Werner Stücheli - Switzerland
Apartment Building Schmiede Wiedikon
Birmensdorferstrasse 155, Zürich
1957 - 1958

On a triangular site between Birmensdorfer- and Kehlhofstrasse in Zurich-Wiedikon the architect Werner Stücheli realized an eleven-story building.
The building consists mainly of two parts. An elongated horizontal shopping passage on the ground floor runs along the road and ends in a pavilion-like front building.
The high-rise building, containing 55 duplex apartments, is set above and across the aformentioned ground floor. With its
oblique end faces, the trapezoidal
floor plan of the tower traces the course of the two streets.

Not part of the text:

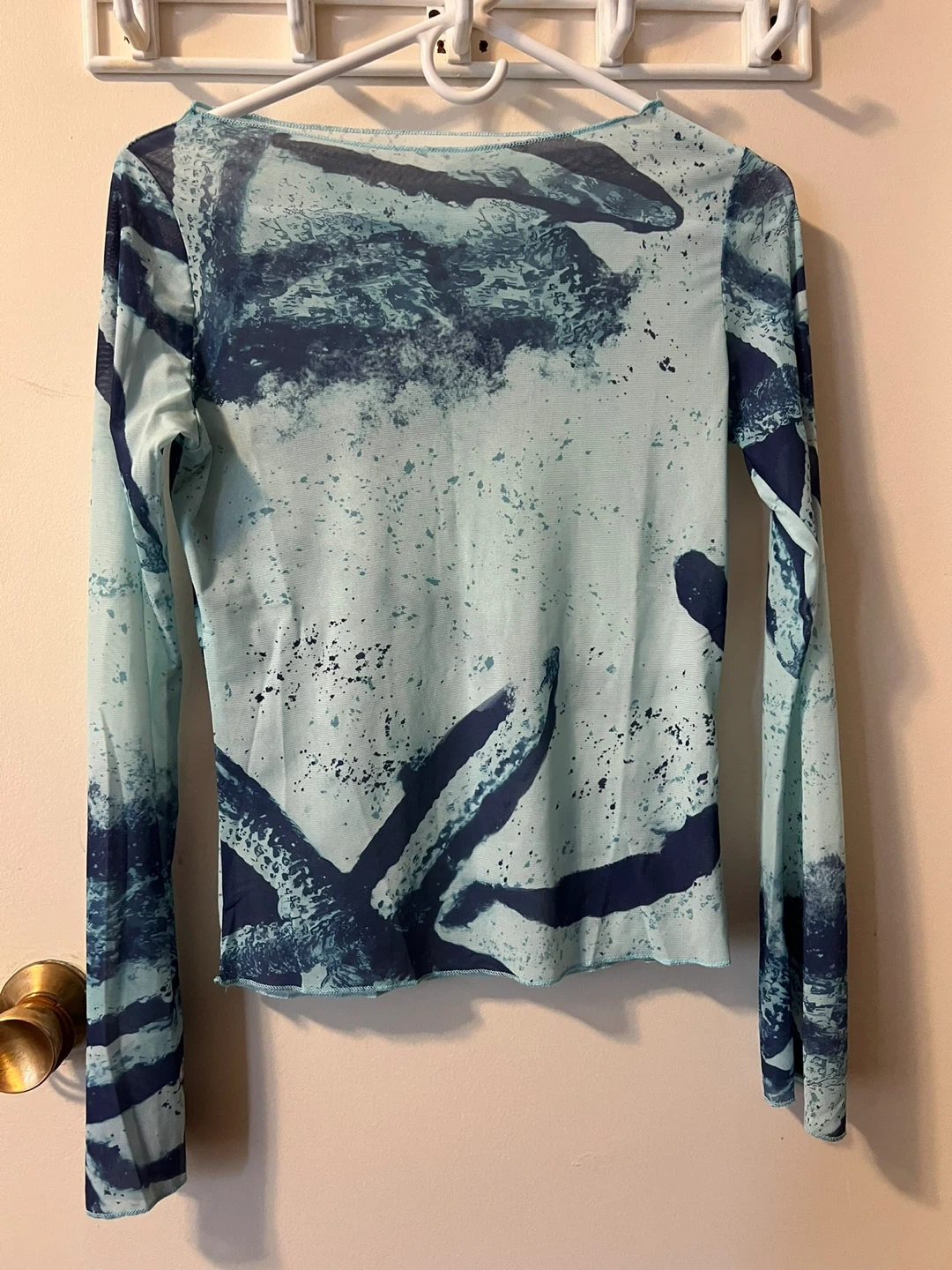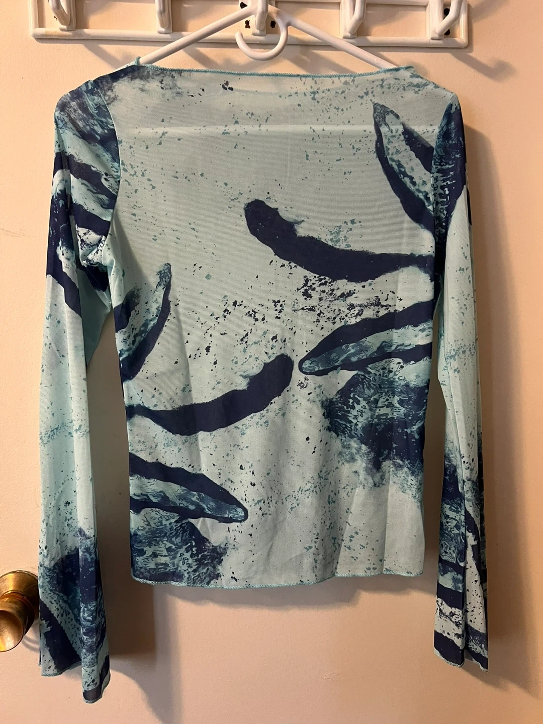 This long sleeve top features a unique blue pattern. It's in great condition and ready for a new wardrobe!

The height of the building marks the road junction and allows the building to act as focal point of the quarter.
The high building volume interrupts the long, closed street fronts with their uniform eaves heights. On the inside the shape of the plan results in a fan-like
arrangement of the apartments. On the lower floor of the duplex apartment there are located the kitchen and a living room, while the two bedrooms are on the upper floor.

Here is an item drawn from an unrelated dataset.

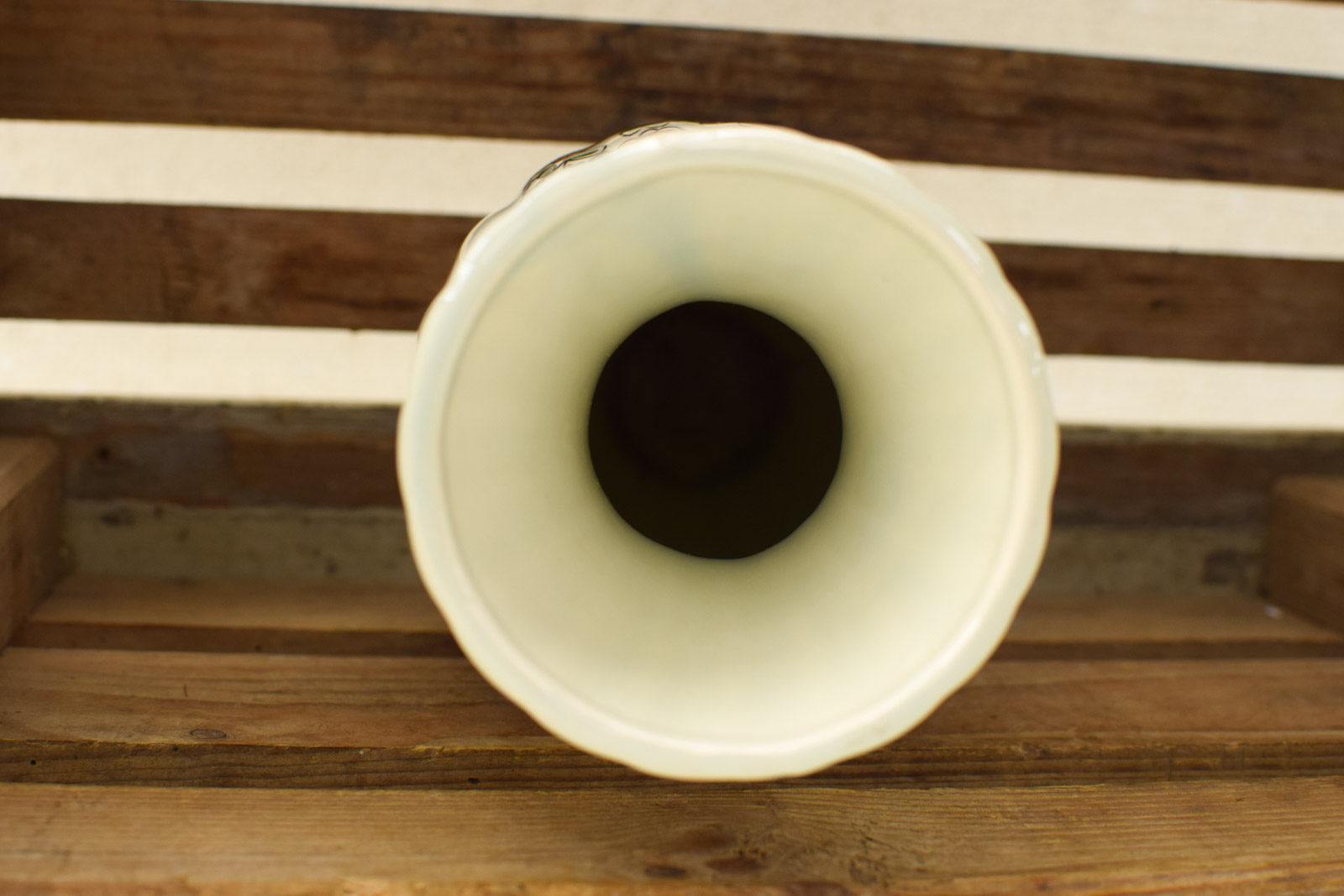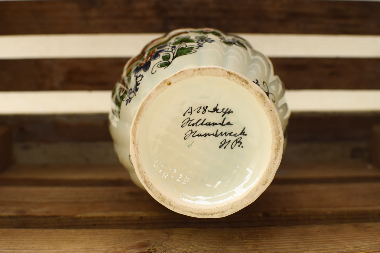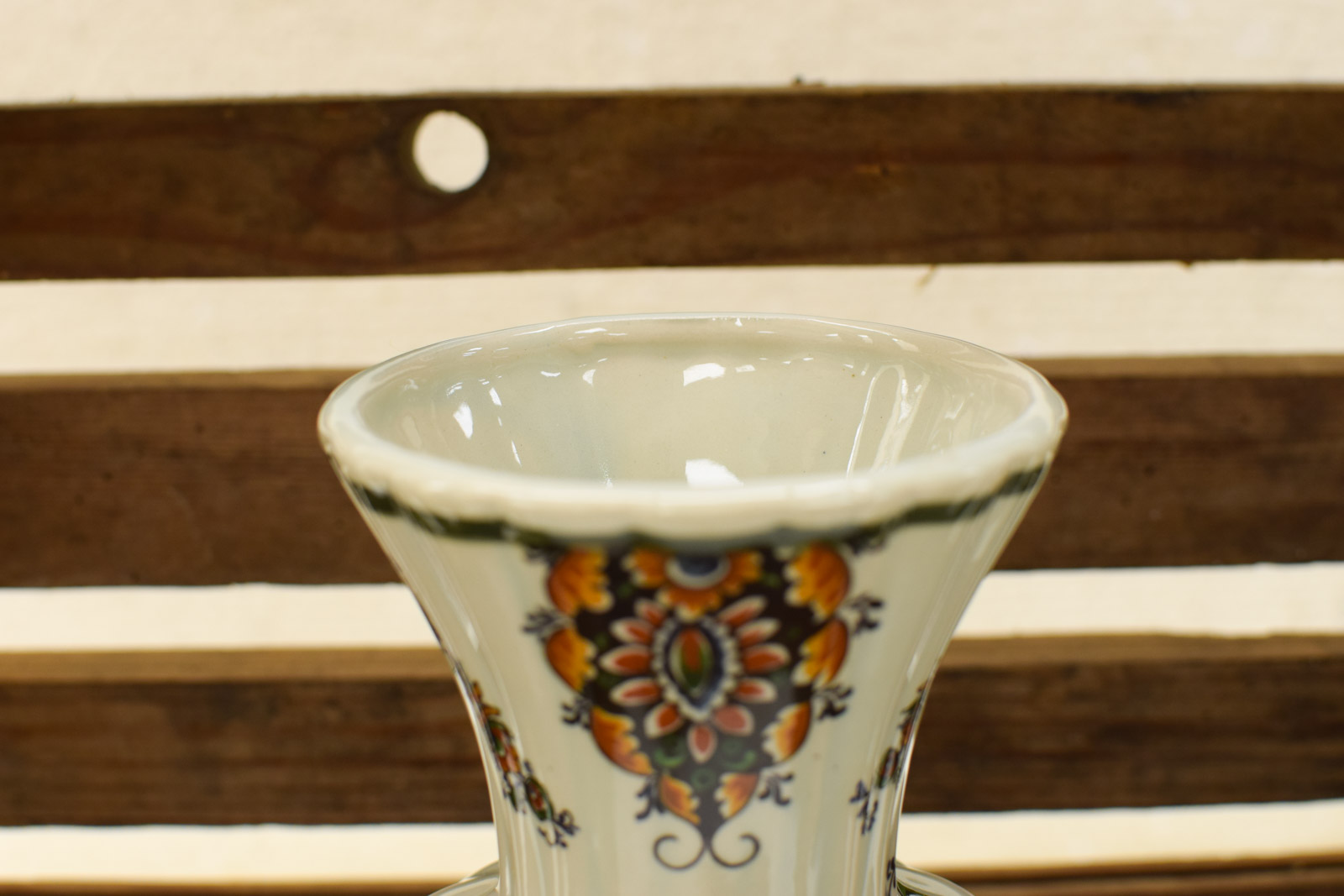 diameter bovenkant opening 9,5 cm hoog 24 cm de vaas heeft aanslag aan de binnenkant ziet er verder nog netjes uit

The continuous balconies are recessed in the side façades, on the northwest side they serve alternately as access galleries to the flats respectively as balconies of
the upper duplex floors. In contrast to this, the south-east façade presents itself as a rhythm of a sawtooth corresponding to the individual residential units.
The same sawtooth arrangement can be found in the shops on the ground floor. The beveled storefronts result in a square-like widening of the sidewalk near the tram stop.

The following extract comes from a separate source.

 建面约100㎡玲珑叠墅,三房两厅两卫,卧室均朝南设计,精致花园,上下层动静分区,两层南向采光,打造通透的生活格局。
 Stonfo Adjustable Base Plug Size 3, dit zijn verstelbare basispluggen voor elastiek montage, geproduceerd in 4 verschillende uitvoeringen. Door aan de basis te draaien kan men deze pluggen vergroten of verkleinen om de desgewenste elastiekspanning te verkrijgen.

In his high-rise buildings, Werner Stücheli liked to work carefully on the rooftop terraces, so did he also in the high-rise at the Schmiede Wiedikon. Above the rooftop
terrace floats a canopy shaped as a trapezoidal plate inverted to the one of the building plan. As a consequence of this superimposition the longer side of
the canopy juts over the lateral elevations of the skyscraper.